***
Aku adalah angin yang kamu abaikan. Kamu adalah oksigen yang aku butuhkan.
🌈
Sang Matahari mulai menghilang, cahayanya mulai redup, dan senjapun datang. Suara air yang dituangkan makin terdengar jika sunyi melanda, namun sayangnya saat ini tak terdengar karena ramainya yang menggelegar. Lampu kuning agak redup menyinari setiap sisi tempat. Wanginya kopi terlihat menggiurkan, namun disisi lain, rasanya mungkin tak seenak yang tercium. Karena semua hal tak bisa disimpulkan sesenaknya saja, tanpa tahu kenyataan.
Satu seruput kopi menenggelamkan rasa, menghilangkan luka atau mungkin bahagia? Menampakkan kehampaan yang melanda, tanpa tahu kenapa bisa datang? Matanya mulai lelah, hidupnya tak jua terang.
Tapi, sekarang saatnya bangkit dari masalah yang berada dimasa lampau. Masalah yang selalu terbayang dikala sepi. Masalah yang menyakiti tanpa sadar. Masalah yang menyekiknya yang membuatnya selalu lelah terhadap hidup.
Seorang cowok menunggu seorang yang mungkin akan mencampakkan masalah itu darinya. Cowok itu adalah Fito yang menunggu Bara. Satu hal yang belum Fito selesaikan. Minta maaf pada Bara, yang dibuat babak belur oleh Fito.
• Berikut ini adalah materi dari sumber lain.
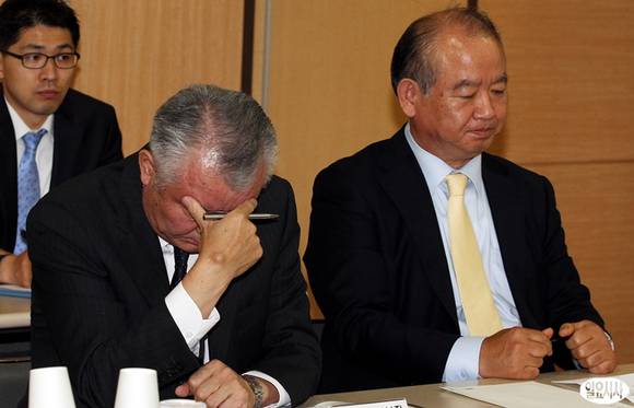 5일 오후 서울 종로구 태화빌딩 회의실에서 열린 남양유업 본사와 전국대리점협의회의 1차 협상에 참석한 남양유업 김웅 대표이사(오른쪽)와 곽주영 영업총괄본부장이 굳은 표정을 짓고 있다. 전국대리점협의회는 전국의 960개 현직 남양유업 대리점들로 이뤄진 단체로, 퇴직 점주 10여명의 모임인 피해자협의회와는 다른 단체다.

Maka dari itu, Fito tadi siang meminta nomor Bara pada Lezra—teman Fito ketika di sekolahnya yang lama—dan akhirnya dapat.
Dengan cepat, Fito menelpon Bara untuk bertemu dengannya di kafe Samantha dekat sekolah Bara.
Mata Fito menjelajahi setiap sudut kafe Samantha. Tanpa mengetahui, bahwa ada seorang gadis yang ia kenal berada di tempat yang sama.
Ting!
Bel pintu kafe berbunyi, menandakan ada seseorang yang memasuki kafe itu. Sontak Fito menoleh, menatap seorang cowok yang tengah linglung mencari seseorang.
Ketika tatapan Fito bertemu dengan cowok itu, Fito menganggkat tangannya menyuruh cowok itu ke arahnya.
Bara berjalan santai menuju meja Fito. Ia duduk, dan menatap Fito dengan serius.
"Mau ngomong apa?" tanya Bara to the point, ketika menjatuhkan bokongnya pada kursi.
"Gue mau minta maaf," ujar Fito santai, tanpa berniat basa basi.
"Udah tobat ya ternyata?" sindir Bara sambil menyeringai.
"Jangan bikin gue emosi disini." Fito menatap Bara dengan tatapan tajamnya. "Atau lo mau babak belur kayak kemarin lagi?" Fito menyeringai dan menatap Bara, penuh kemenangan.
"Silahkan, kalau emang lo pengen Darya tersakiti."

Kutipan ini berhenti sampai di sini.